Before running, update the following fields in the yaml or overwrite them in the command line with -o <option>=<value>:
execution.hostname— your Slurm login node hostnameexecution.account— your Slurm accountdeployment.checkpoint_path— Hugging Face checkpoint path (original, pruned or quantized)evaluation.nemo_evaluator_config.config.params.extra.tokenizer— same path ascheckpoint_path
Tip
Uncomment limit_samples under any task to run a small subset and verify the end-to-end eval pipeline before launching full evals.
pip install "nemo-evaluator-launcher[all]==0.1.90"
# Set required environment variables:
export HF_TOKEN=<your_huggingface_token>
export SLURM_JOB_DIR=<path_to_slurm_job_output_dir>
export HF_HOME=<path_to_huggingface_cache>
export VLLM_CACHE_ROOT=<path_to_vllm_cache>
# Set additional unused but required environment variables:
export API_KEY=xxxxxx
export INFERENCE_API_KEY=xxxxxx
export OPENAI_CLIENT_ID=xxxxxx
export OPENAI_CLIENT_SECRET=xxxxxx
nemo-evaluator-launcher run --config nemo_evaluator.yaml
Tip
Run same evals multiple times to get a more stable result.
Tasks and exact metric names reported in the results table:
| Benchmark | Library | num_repeats | Metric name |
|---|---|---|---|
| MMLU | lm-evaluation-harness (5-shot) | N/A | mmlu |
| MMLU Pro | NeMo Evaluator | 1 | mmlu-pro_pass_at_1_symbolic_correct |
| GPQA Diamond | NeMo Evaluator | 8 | gpqa_pass_at_1_avg-of-8_symbolic_correct |
| LiveCodeBench v6 | NeMo Evaluator | 8 | livecodebench_pass_at_1_avg-of-8_accuracy |
| AIME 2025 | NeMo Evaluator | 64 | aime25_pass_at_1_avg-of-64_symbolic_correct |
| Math 500 | NeMo Evaluator | 5 | AA_math_test_500_score_micro_avg_of_5 |
| IFEval | NeMo Evaluator | 1 | ifeval_pass_at_1_average_score |
| SciCode (Subtask) | NeMo Evaluator | 8 | scicode_pass_at_1_avg-of-8_subtask_accuracy |
Key vLLM settings: Tool calling is not enabled in these evals.

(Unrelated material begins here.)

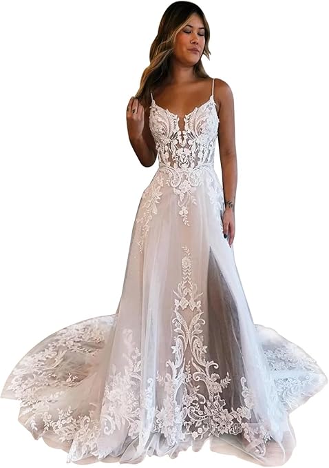 V Neck Lace Wedding Dress for Bride 2024 Spaghetti Strap Long Beach Bridal Gown A-Line

For more details on NeMo Evaluator, see the GitHub repo and documentation.
5. Quantization
ModelOpt allows stacking multiple optimization techniques. Here we stack FP8 quantization on top of the pruned and distilled model to get an even more optimized model. See examples/llm_ptq/README.md for the full PTQ documentation.

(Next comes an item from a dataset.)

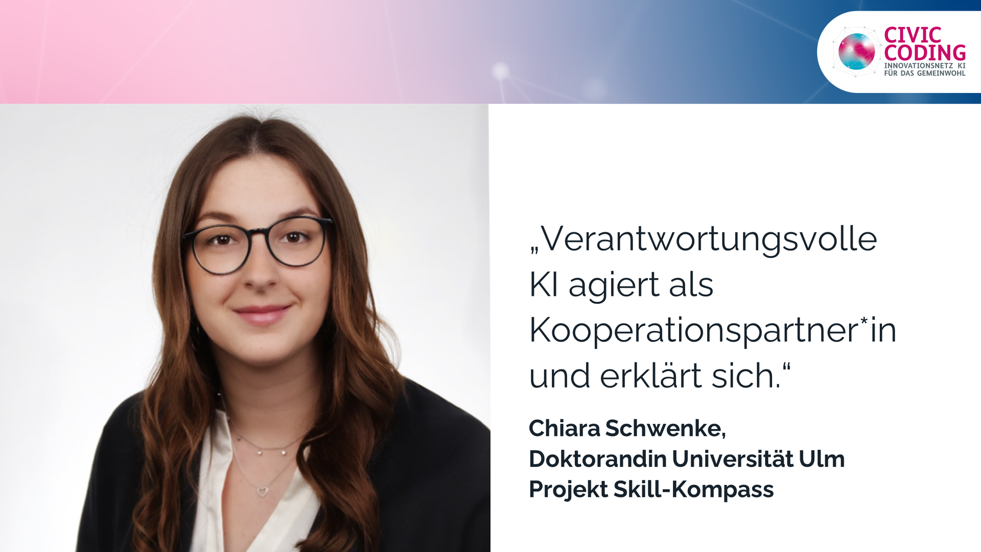 In einem gemeinsamen Projektvorhaben haben die Universität Ulm und START im Rahmen des Wettbewerbs „Gemeinsam wird es KI” der Civic Innovation Plattform des Bundesministeriums für Arbeit und Soziales hierzu Anforderungen an den „Skill-Kompass“ identifiziert, in einem Prototypen umgesetzt und mit Stipendiat:innen getestet. Die Konzept wurde beim dazugehörigen Ideenwettbewerb „Gemeinsam wird es KI“ ausgezeichnet.

Similar to the official Nemotron-Nano-9B-v2-FP8 model, if you want to quantize the pruned 7B model to FP8, the Mamba and MLP layers are quantized to FP8, while all 4 attention layers and the Conv1d components within the Mamba layers are kept in BF16 to avoid accuracy degradation.

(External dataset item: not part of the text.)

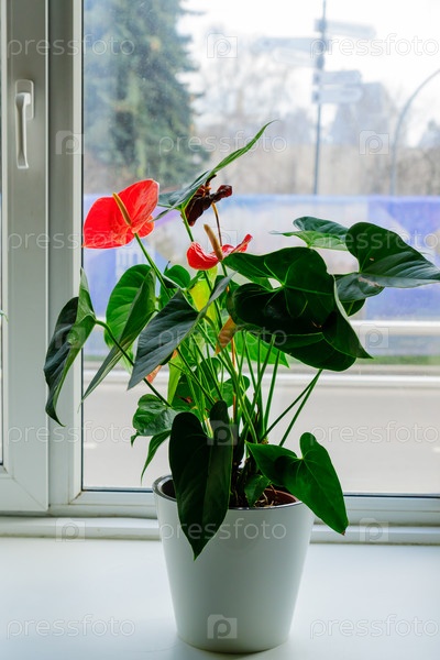 Розовый цветущий цветок антуриума на подоконнике. домашнее садоводство. Домашнее растение

This is done with the mtq.MAMBA_MOE_FP8_CONSERVATIVE_CFG config defined in modelopt/torch/quantization/config.py. To apply this, you need to modify QUANT_CFG_CHOICES["fp8"] in examples/llm_ptq/hf_ptq.py to use mtq.MAMBA_MOE_FP8_CONSERVATIVE_CFG. For a faster model at the cost of a larger accuracy drop, you can use mtq.MAMBA_MOE_FP8_AGGRESSIVE_CFG instead.
Note
You can also quantize to NVFP4 using mtq.MAMBA_MOE_NVFP4_CONSERVATIVE_CFG (default) or mtq.MAMBA_MOE_NVFP4_AGGRESSIVE_CFG (faster, more accuracy drop), which may require further distillation (QAD) to recover accuracy and Blackwell GPU for deployment.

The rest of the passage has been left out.